Once decompiled, the code feeds directly into LLMs that flag reentrancy bugs, access control gaps, and arithmetic errors.
Chained into automated pipelines, these models can scan thousands of unverified contracts. They then triage targets by estimated exploitability and potential yield.
“What once required a skilled reverse engineer spending days on a single contract can now be partially automated across an entire blockchain’s unverified contract inventory. Attackers operating these pipelines gain a structural advantage: they can cover far more ground than the defenders monitoring for suspicious activity,” Chainalysis said.
Anthropic also found that AI can now perform advanced attack steps for low-skilled hackers, thereby raising the overall threat.
Meanwhile, unverified contracts also escape the informal security layer protecting open-source code. White-hat researchers cannot read them, and several protocols that were exploited excluded these contracts from their bug bounty programs.
Follow us on X to get the latest news as it happens
Truebit Hack Shows Systematic Vulnerability Hunting
The largest incident occurred on January 8, when an attacker drained $26.2 million from Truebit. The vulnerable contract had sat unverified on Ethereum (ETH) since 2021.

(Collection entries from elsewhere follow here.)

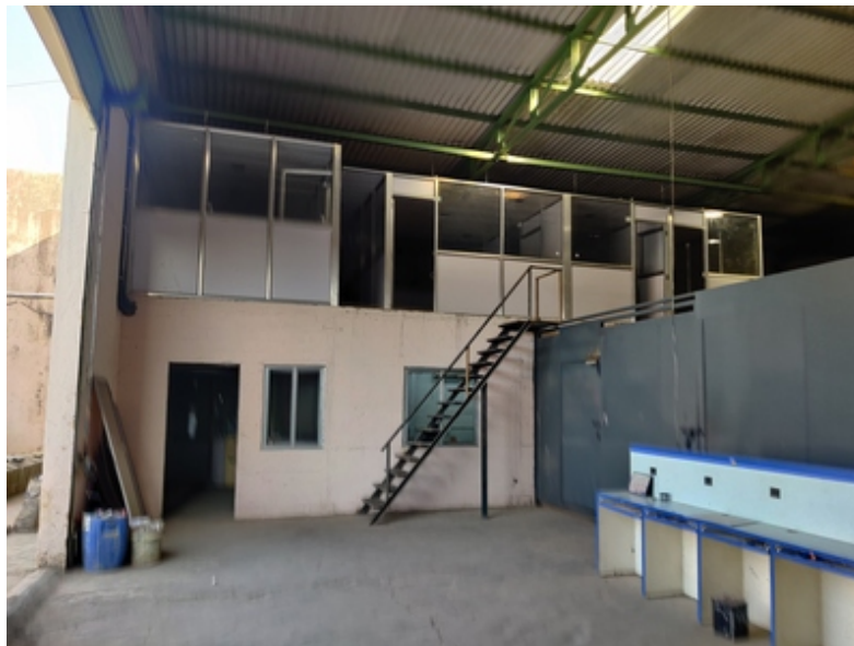
LEFT HAND SIDE VIEW WHILE ENTERING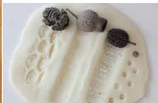
make an impression with nature's stampers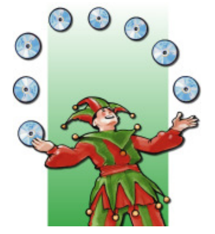
Available as CD-ROM or Network version for your Intranet (Internet Server) or LMS.

Business Territory 2 takes you on a guided tour behind the scenes at the University Arms - a four star hotel in Cambridge (UK). Students have access to short video interviews with real members of staff, not actors - all the interviews are entirely authentic and unscripted. For anyone learning about, or working in, the Hotel and Catering business, this is a new and ideal way to improve your English.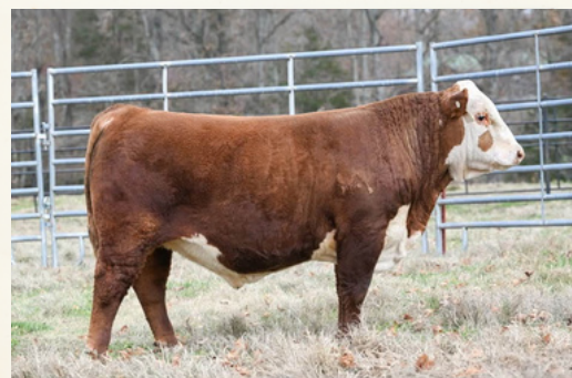
WLKR JH MAXIMUM 9244 3110L ET (P44534952)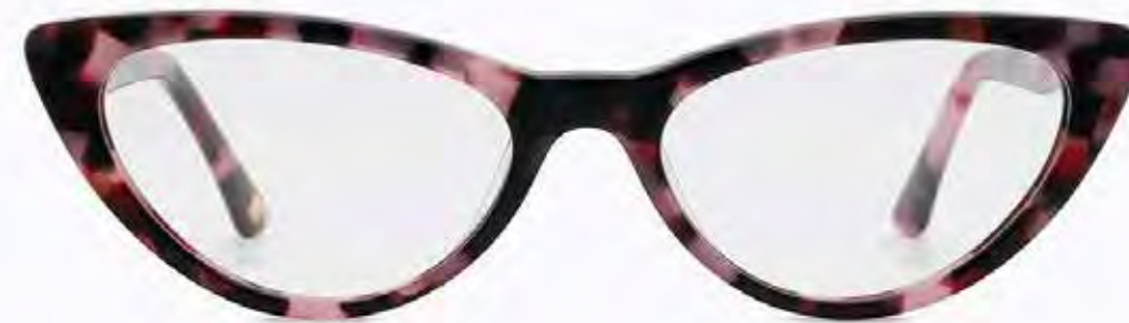
CL4213 OPT 02

Frame Color: Red purple pink demi Lens Color: 0 Frame Material: Hand made - Acetate Handle Length: 145 Lens Width: 53 Nose Bridge: 17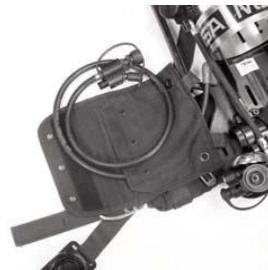
ExtendAire II System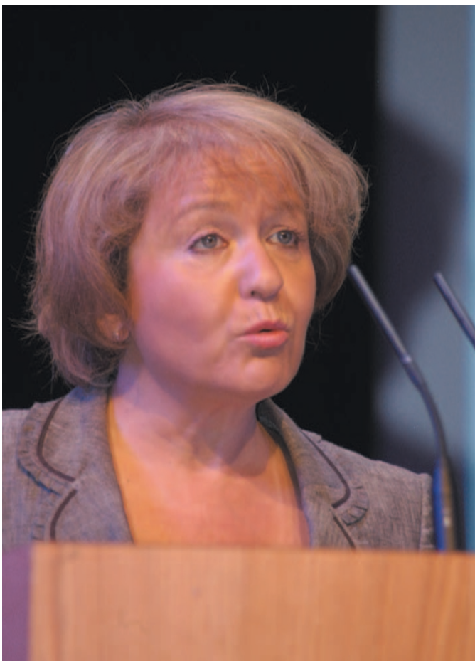
Dentistry Minister Rosie Winterton was left in no doubt about dentists' grave concerns over the new NHS contract (left)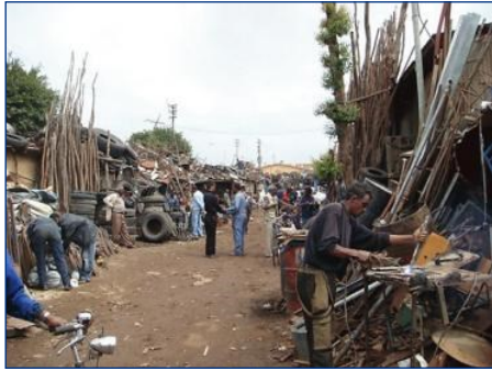
Streets of Eritrea

http://totalitarianimages.blogspot.com El Companero

An integer overflow in its bonding curve let the attacker mint tokens for almost nothing, then burn them for real ETH. Notably, the same address had drained the Sparkle protocol for 5 ETH just twelve days earlier.
“This was not an opportunistic find; the exploiter was methodically searching for vulnerabilities across verified and unverified contracts, escalating from small targets to a $26 million payday, and the proceeds of both exploits were laundered through Tornado Cash,” the report added.
Meanwhile, Anthropic research demonstrated that AI agents can autonomously exploit smart contracts for millions of dollars. That includes contracts deployed after the models’ knowledge cutoff. Security experts have also already warned that AI agents are outpacing human auditors across DeFi.
Chainalysis expects the trend to accelerate as decompilation tools improve and the pool of unverified contracts grows. The firm urges protocols to verify all deployed code, extend bug bounty scope, and adopt real-time on-chain monitoring.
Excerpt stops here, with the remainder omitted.